Zhang Xiao-Peng, Xiao Zhi-Qiang, Chen Zhu-Chu, Li Cui, Li Jian-Ling, Yu Yan-Hui, Ouyang Yong-Mei, Feng Xue-Ping, Zhang Peng-Fei
Health Ministry Key Laboratory of Cancer Proteomics, Xiangya Hospital, Central South University, Changsha, Hunan 410008, P. R. China.
Ai Zheng. 2006 Jan;25(1):22-8.
BACKGROUND & OBJECTIVE: Laryngeal carcinoma-related gene 1 (LCRG1), a novel laryngeal carcinoma-related tumor suppressor gene, was cloned with mRNA differential display method. Previous researches showed LCRG1 might inhibit cell growth, proliferation, colony formation in soft agar, and tumorigenesis of laryngeal carcinoma cell line Hep-2. This study was to screen the proteins associated with the tumor suppressive function of LCRG1 by comparative proteomics method.
The whole cellular proteins of Hep-2/LCRG1 and Hep-2/pcDNA3.1(+) cells were extracted and separated by two-dimensional gel electrophoresis (2-DE) technology. After electrophoresis, the gels were stained by Coomassie Brilliant Blue G-250, and analyzed using PDQuest software. The differentially expressed proteins were cut from the gels, analyzed by matrix-assisted laser desorption/ionization time-of-flight mass spectrometry (MALDI-TOF-MS), or electrospray ionization-quadrupole time-of-flight MS/MS (ESI-Q-TOF MS/MS), and identified through searching database with Mascot software.

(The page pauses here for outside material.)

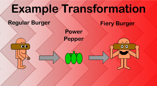 Sometimes, these transformations simply wear off after a while, or they last until the characters suffer an attack from an enemy. There are certain super items that are reserved for use by some characters, and then there are other super items that almost all the characters can use! The yellow diamonds, for example, only give Foodlandians the ability to fly for a while. (It has something to do with DNA...) Some characters can become more powerful without transforming! However most of the time, the super items make them transform to show how powerful they are. Some episodes thru out the series have more information about this; look out for it!
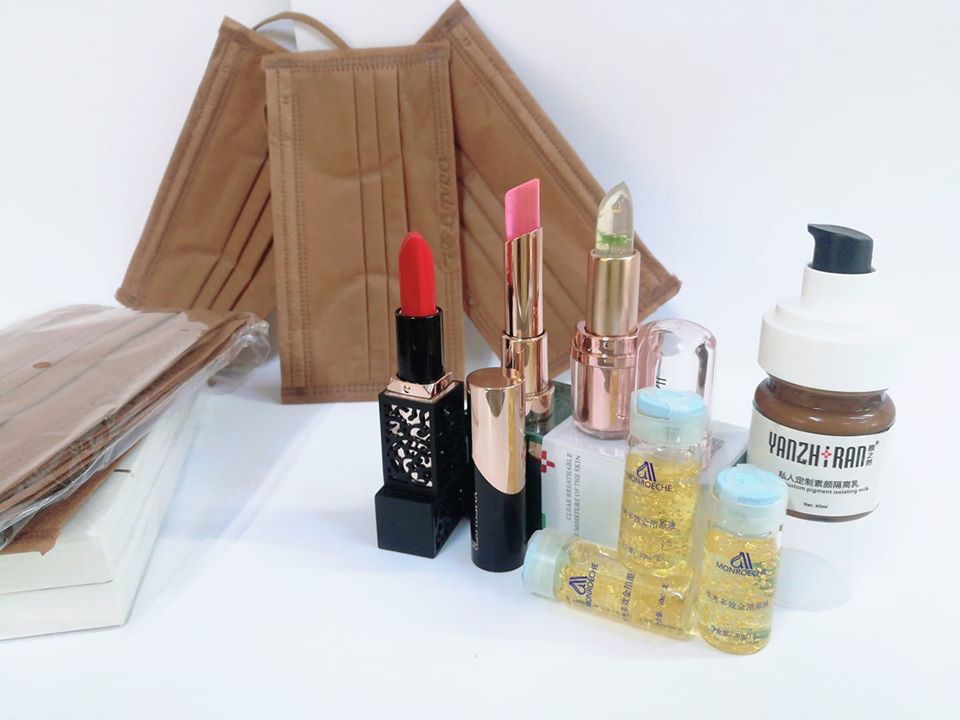 Cũng rất nhanh nhạy, một người bán hàng online cho biết, khách mua bất kỳ sản phẩm làm đẹp nào đều được tặng kèm 1 khẩu trang y tế màu socola tình yêu.

The well-resolved, reproducible 2-DE patterns of Hep-2/LCRG1 and Hep-2/pcDNA3.1(+) cells were established. The total protein spots were 1,075+/-43 in Hep-2/LCRG1 cells and 1,027+/-23 in Hep-2/pcDNA3.1(+) cells, with an average matching rate of 91%. Using mass spectrometry technology, 20 differential protein spots between the 2 cell lines were identified. Among them, 16 were identified by MALDI-TOF-MS, and 4 were identified by ESI-Q-TOF MS/MS. Some of the identified proteins were characterized as members of cellular transcription and metabolism enzymes.
In this study, 2-DE gels of Hep-2/LCRG1 cell line with high expression of LCRG1 mRNA and vector control Hep-2/pcDNA3.1(+) cell line were established; some differential proteins related to LCRG1 were identified by mass spectrometry. These data will help to illustrate the molecular mechanism of LCRG1.
喉癌相关基因1(LCRG1)是通过mRNA差异显示方法克隆出的一种新型喉癌相关抑癌基因。以往研究表明,LCRG1可能抑制喉癌细胞系Hep-2的细胞生长、增殖、软琼脂集落形成及肿瘤发生。本研究采用比较蛋白质组学方法筛选与LCRG1肿瘤抑制功能相关的蛋白质。
提取Hep-2/LCRG1和Hep-2/pcDNA3.1(+)细胞的全细胞蛋白质,采用二维凝胶电泳(2-DE)技术进行分离。电泳后,凝胶用考马斯亮蓝G-250染色,并用PDQuest软件进行分析。从凝胶上切下差异表达的蛋白质点,用基质辅助激光解吸/电离飞行时间质谱(MALDI-TOF-MS)或电喷雾电离-四极杆飞行时间串联质谱(ESI-Q-TOF MS/MS)进行分析,并用Mascot软件检索数据库进行鉴定。
建立了Hep-2/LCRG1和Hep-2/pcDNA3.1(+)细胞分辨率良好、可重复的2-DE图谱。Hep-2/LCRG1细胞中的总蛋白点数为1075±43,Hep-2/pcDNA3.1(+)细胞中的总蛋白点数为1027±23,平均匹配率为91%。采用质谱技术,鉴定出2种细胞系之间的20个差异蛋白质点。其中,16个通过MALDI-TOF-MS鉴定,4个通过ESI-Q-TOF MS/MS鉴定。一些鉴定出的蛋白质被表征为细胞转录和代谢酶的成员。
本研究建立了LCRG1 mRNA高表达的Hep-2/LCRG1细胞系和载体对照Hep-2/pcDNA3.1(+)细胞系的2-DE凝胶图谱;通过质谱鉴定了一些与LCRG1相关的差异蛋白质。这些数据将有助于阐明LCRG1的分子机制。